Sonam Wangchuk, the engineer and climate activist who brought you the ice stupa and inspired a Bollywood blockbuster, is now bringing everyone a new level of concern. The 59-year-old has been on a hunger strike in Delhi for 16 days, and the latest health bulletin is the kind of update that makes supporters reach for the phone to order him a pizza. According to the bulletin, Wangchuk has lost 8.2kg (18lb), his blood pressure is 107/70, and his sugar levels have dropped to 67. Doctors are alarmed, supporters are pleading, but Wangchuk remains characteristically stubborn. “I have to take what I’ve begun to its logical conclusion,” he told the BBC, which is a very noble sentiment until you realize the logical conclusion might be a hospital bed.

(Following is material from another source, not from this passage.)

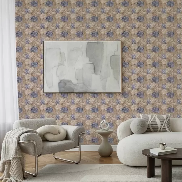 Шпалери Соковитий крем і блакитні квіти в пастельній гамі Nr. a00634

The protest, which started as a satirical movement called the Cockroach Janta Party (CJP), is demanding educational reforms in India - specifically, the resignation of Education Minister Dharmendra Pradhan after a key medical entrance exam was cancelled due to a paper leak. Pradhan has dismissed the protesters as “the B-team of disruptive elements,” which is the political equivalent of calling someone a cockroach and expecting them to scurry away. But instead, the cockroaches have multiplied. Hundreds of people have been gathering at Jantar Mantar, Delhi’s historic protest spot, despite temperatures hitting 38°C (real feel 46°C) to support Wangchuk and the CJP.
Wangchuk, who spent 170 days in prison last year on charges of inciting protests (later dropped), is now in such bad shape that he can barely walk to the washroom. CJP founder Abhijeet Dipke told the BBC that Wangchuk scolds him whenever he suggests ending the fast. “Don’t you worry about me,” Wangchuk says, which is exactly what people say when everyone should be worrying about them. Meanwhile, supporters like engineer Animesh Sahu and farmer Satyaprakash Bharadwaj have come to show solidarity, with Bharadwaj calling Wangchuk “a diamond willing to sacrifice his life.” Diamonds are hard, but they don’t do well on hunger strikes.
Educationist Prof Nandita Narain summed up the situation: “It’s very sad that someone like Wangchuk, who has made such outstanding contributions to public life, has to resort to a hunger strike to get the government to act.” She appealed to him to end the fast because “his life is in danger,” adding, “We need a sustained protest, and the movement has to be sustained. It’s important that he lives to fight the battle.” The government, however, has not sent anyone to talk. So the protesters are taking the show on the road: they plan to march to parliament on 20 July, when the next session starts. Because if the mountain won’t come to Muhammad - or the cockroach to the education minister - the cockroach will go to parliament.